Rubayat, par Omar Khayyâm, quatrains CLI à CLX
Un article de Caverne des 1001 nuits.
CLI
J'ai eu des maîtres éminents.
Je me suis réjoui de mes progrès, de mes triomphes.
Quand j'évoque le savant que j'étais,
Je le compare à l'eau qui prend la forme du vase et à la fumée que le vent dissipe.
CLII
Pour le sage, la tristesse et la joie se ressemblent, le bien et le mal aussi.
Pour le sage, tout ce qui a commencé doit finir.
Alors, demande-toi si tu as raison de te réjouir de ce bonheur qui t'arrive,
Ou de te désoler de ce malheur que tu n'attendais pas.
CLIII
Puisque notre sort, ici-bas, est de souffrir puis de mourir,
Ne devons-nous pas souhaiter de rendre le plus tôt possible à la terre notre corps misérable ?
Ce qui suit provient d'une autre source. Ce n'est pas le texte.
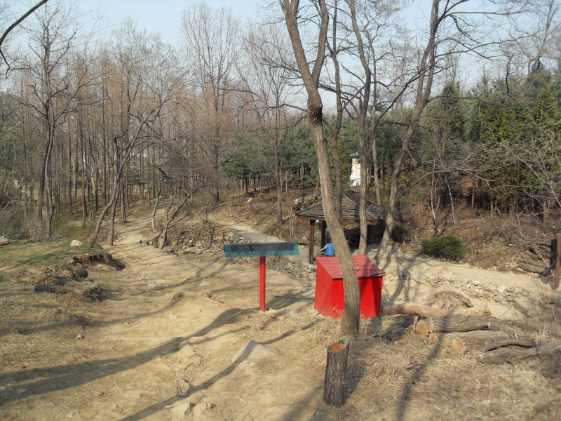 약수터를 지나자마자 갈림길 입구에 이정표(←호압사 900m<20분>/↓산장아파트 300m<4분>/↓천주교성지 600m<9분>)가 있다.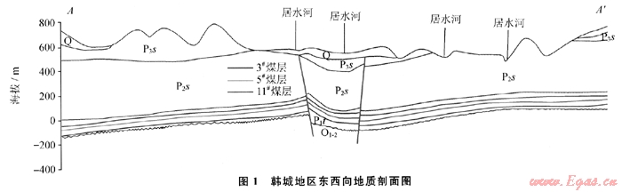 韓城地區(qū)隸屬于陜西省渭南市,地處關(guān)中平原的東北側(cè)。構(gòu)造上位于鄂爾多斯盆地渭北隆起的東南緣,東面以黃河和韓城大斷裂為界,南臨渭河地塹,西南與澄臺礦區(qū)毗鄰,面積約為1500km2。研究區(qū)構(gòu)造活動(dòng)平穩(wěn),區(qū)域上由南向北、由東向西逐漸變?nèi)?,一般邊淺部相對于中深部復(fù)雜。北部以擠壓構(gòu)造變形為主,呈北東南西向;南部主要為拉伸構(gòu)造變形,有2個(gè)主導(dǎo)方向,即北東南西向和東西向,總體構(gòu)造形態(tài)是一個(gè)傾向北西的具波狀起伏的緩斜大型單斜構(gòu)造(圖1)。韓城地區(qū)主力產(chǎn)氣煤層分別為山西組3t煤層和太原組5#、11#煤層。山西組為陸相沉積,主要為河流沖積 三角洲沉積體系;太原組為海陸交互相沉積,主要為海灣一漏湖沉積體系。煤系地層基底為石炭系本溪組的鋁土質(zhì)泥巖[1~4]。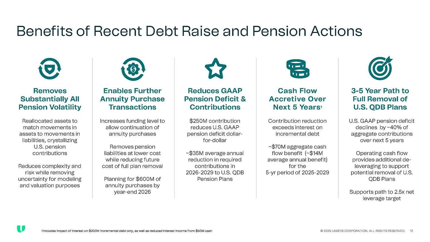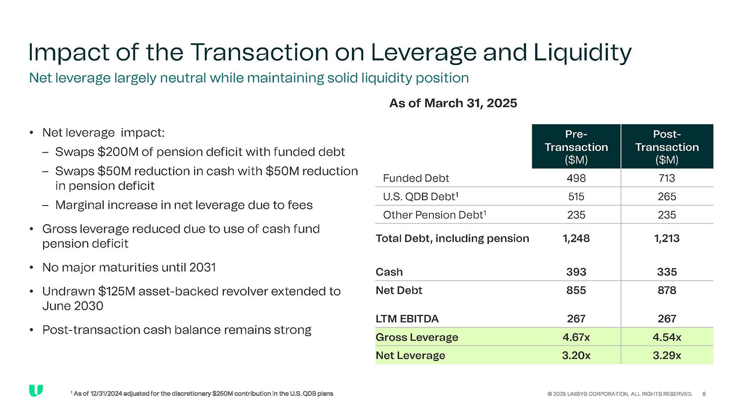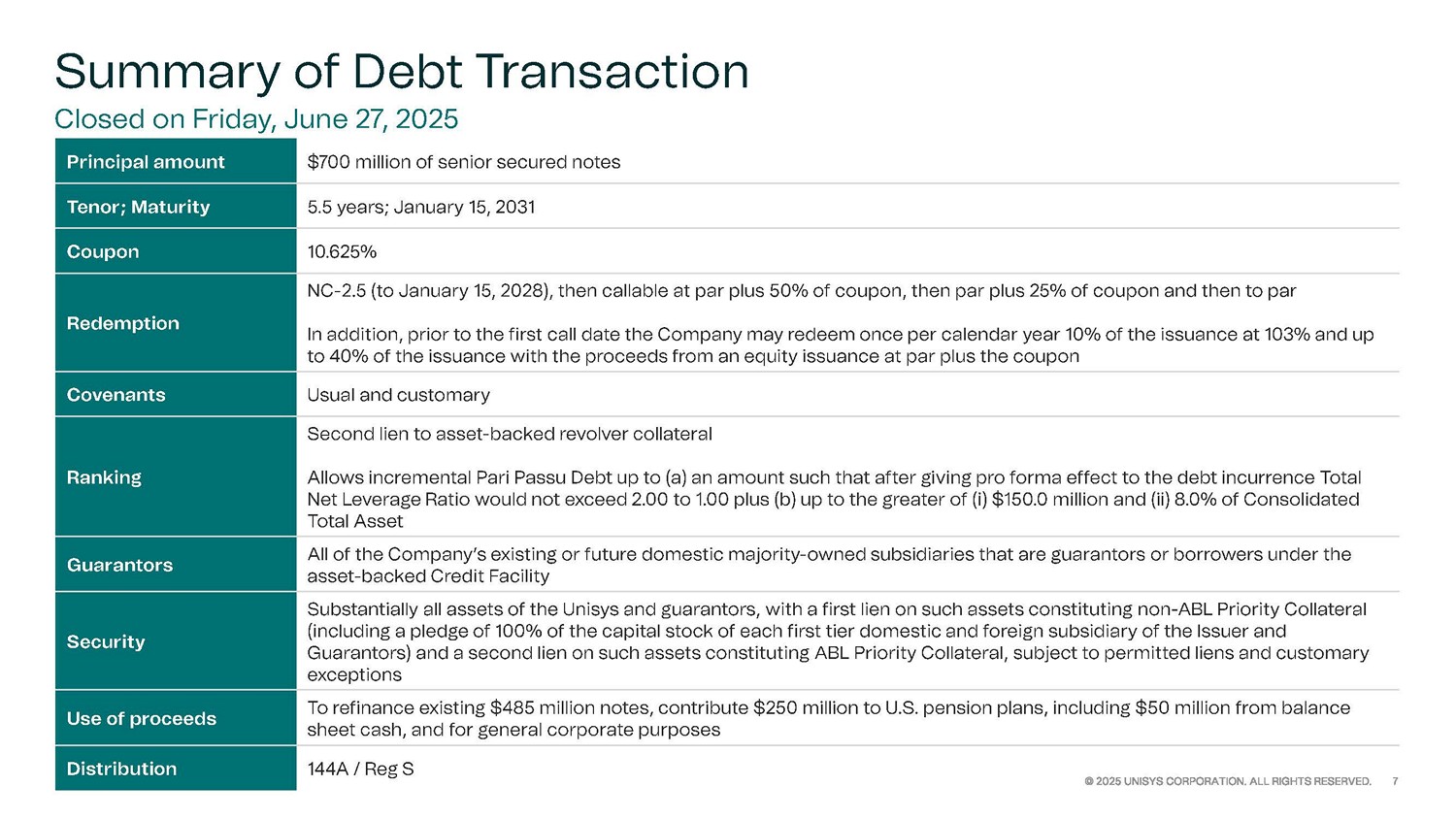 Summary of Debt Transaction Closed on Friday, June 27, 2025 $700 million of senior secured notes Principal amount 5.5 years; January 15, 2031 Tenor; Maturity 10.625% Coupon NC - 2.5 (to January 15, 2028), then callable at par plus 50% of coupon, then par plus 25% of coupon and then to par In addition, prior to the first call date the Company may redeem once per calendar year 10% of the issuance at 103% and up to 40% of the issuance with the proceeds from an equity issuance at par plus the coupon Redemption Usual and customary Covenants Second lien to asset - backed revolver collateral Allows incremental Pari Passu Debt up to (a) an amount such that after giving pro forma effect to the debt incurrence Total Net Leverage Ratio would not exceed 2.00 to 1.00 plus (b) up to the greater of ( i ) $150.0 million and (ii) 8.0% of Consolidated Total Asset Ranking All of the Company’s existing or future domestic majority - owned subsidiaries that are guarantors or borrowers under the asset - backed Credit Facility Guarantors Substantially all assets of the Unisys and guarantors, with a first lien on such assets constituting non - ABL Priority Collateral (including a pledge of 100% of the capital stock of each first tier domestic and foreign subsidiary of the Issuer and Guarantors) and a second lien on such assets constituting ABL Priority Collateral, subject to permitted liens and customary exceptions Security To refinance existing $485 million notes, contribute $250 million to U.S. pension plans, including $50 million from balance sheet cash, and for general corporate purposes Use of proceeds 144A / Reg S Distribution

Et notre âme, qu'Allah attend pour la juger selon ses mérites, dites-vous ?
Je vous répondrai là-dessus, quand j'aurai été renseigné par quelqu'un revenant de chez les morts.
CLIV
Derviche, dépouille-toi de cette robe peinte dont tu es si fier et que tu n'avais pas à ta naissance !
Endosse le manteau de la Pauvreté.
Les passants ne te salueront pas,
Mais tu entendras chanter dans ton coeur tous les séraphins du ciel.
CLV
Ivre ou altéré, je ne cherche qu'à dormir.
J'ai renonce à savoir ce qui est bien, ce qui est mal.
Pour moi, le bonheur et la douleur se ressemblent.
Quand un bonheur m'arrive, je ne lui accorde qu'une petite place, car je sais qu'une douleur le suit.
CLVI
On ne peut incendier la mer,
Ni convaincre l'homme que le bonheur est dangereux.
Il sait, pourtant, que le moindre choc est fatal
A l'urne pleine et laisse intacte l'urne.
CLVII
Regarde autour de toi. Tu ne verras qu'afflictions, angoisses et désespoirs.
Tes meilleurs amis sont morts. La tristesse est ta seule compagne.
Mais, relève la tête ! Ouvre tes mains ! Saisis ce que tu désires et ce que tu peux atteindre.
Le passé est un cadavre que tu dois enterrer.
CLVIII
Je regarde ce cavalier qui s'éloigne dans la brume du soir.
Traversera-t-il des forêts ou des plaines incultes ? Où va-t-il ? Je ne sais.
Demain, serai-je étendu sur la terre ou sous la terre ?
Je ne sais.
CLIX
"Allah est grand!"
Ce cri du moueddin ressemble à une immense plainte.
Cinq fois par jour,
Est-ce la Terre qui gémit vers son créateur indifférent?
CLX
Le Ramazan' est fini. Corps épuisés, âmes fanées, la joie revient !
Les conteurs savent des histoires nouvelles.
Les porteurs de vin, les marchands de rêves lancent leurs appels.
Mais je n'entends pas celui qui me rendra la vie, celui de ma bien-aimée.